612 S.W.2d 435 | Mo. Ct. App. | 1981
Plaintiff sought to set aside, for nondelivery, a deed from her and her deceased husband to their son, Frankie Green, and requested a decree declaring that she was the sole owner of the farm described in the deed. Defendant Violet Green Stanfill was the son’s widow, and she claims the property through a deed from him. She remarried while this action was pending. Plaintiff also asked for money damages representing income Mrs. Stanfill received from
Defendant Stanfill contends that this appeal should be dismissed because plaintiff did not file her notice of appeal within ten days after the judgment became final. Trial of the case was held March 28, 1980. At the close of plaintiff’s evidence the judge announced that he would sustain defendants’ motions and dismiss plaintiff’s petition and made docket entries to that effect. A judgment dated April 7, 1980 was filed April 10, 1980. Notice of appeal was filed May 16, 1980. Defendant Stanfill contends that the judgment should be considered as having been entered on March 28. A notice of appeal must be filed not later than ten days after a judgment or order appealed from becomes final. Rule 81.04(a), V.A. M.R. A judgment becomes final at the expiration of thirty days after its entry if no timely motion for a new trial is filed. Rule 81.05(a), V.A.M.R. No motion for a new trial was filed here. We believe that the judgment did not become final until thirty days from April 10 and that plaintiff’s appeal was timely. See Gothard v. Spradling, 561 S.W.2d 448 (Mo.App.1978).

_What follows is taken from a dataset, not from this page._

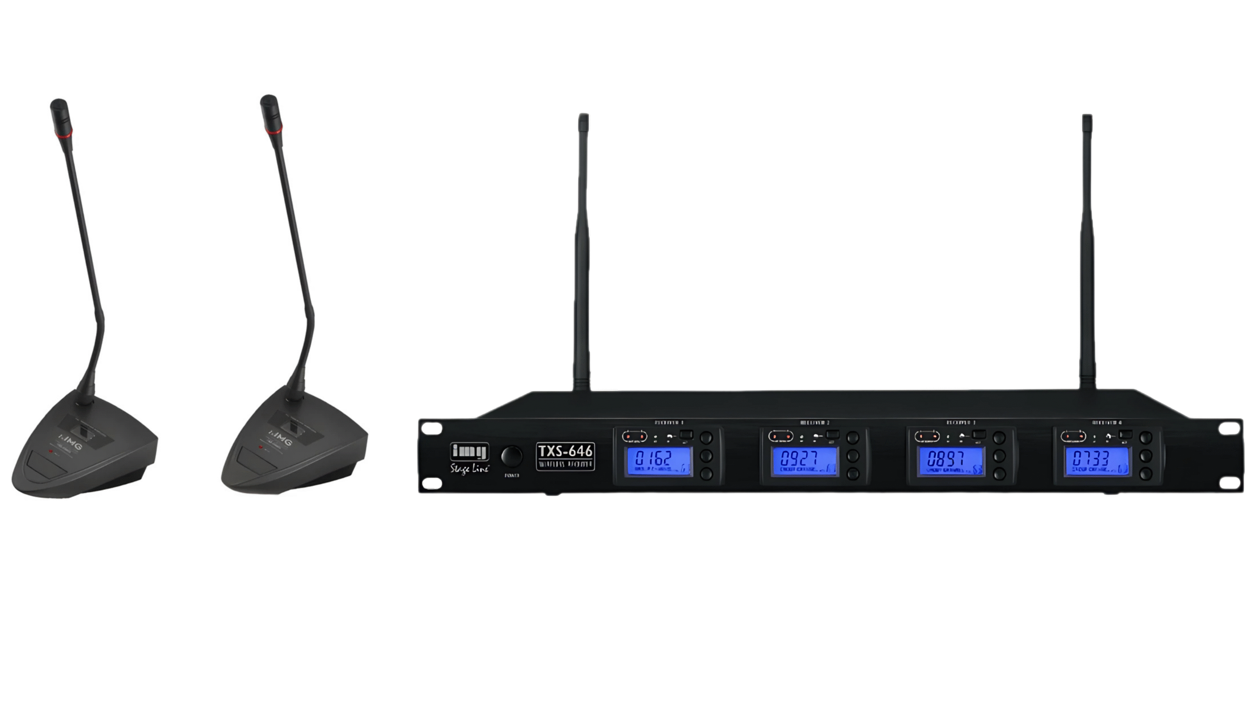 La microfonía inalámbrica para la sala se resolvió con un receptor de 4 canales multifrecuencia STAGELINE TXS-646 junto con varios micrófonos de sobremesa inalámbricos STAGELINE TXS-606DTS y algún micrófono de mano inalámbrico IMG STAGELINE TXS-606DHT.

Plaintiff testified that she and her husband made a deed to Frankie Green, their only child, and placed it in a safety deposit box at a bank in Dixon. She said there was attached to the deed a slip of paper stating that Frankie “wasn’t to bother” the deed until their death. When her husband died she moved to High Ridge to live with her son and defendant Stanfill, then his wife, and put the deed and other papers in a safety deposit box at a bank there. The bank gave her two keys to the box. Her son and defendant Stanfill were present with her at the bank, and while there plaintiff gave him a key to the deposit box. The other key was “taken” out of her hand by defendant Stanfill, who apparently kept it. The box was rented by plaintiff but listed in plaintiff’s and her son’s names. Later Frankie and defendant Stanfill went to the bank without plaintiff’s knowledge, took the deed and recorded it. Frankie then made and had recorded a deed conveying the property to him and defendant Stanfill. Thereafter, he was killed in an automobile accident. Plaintiff testified that she did not know that the deed was taken from the box and recorded until told by Mrs. Stanfill after Frankie’s death.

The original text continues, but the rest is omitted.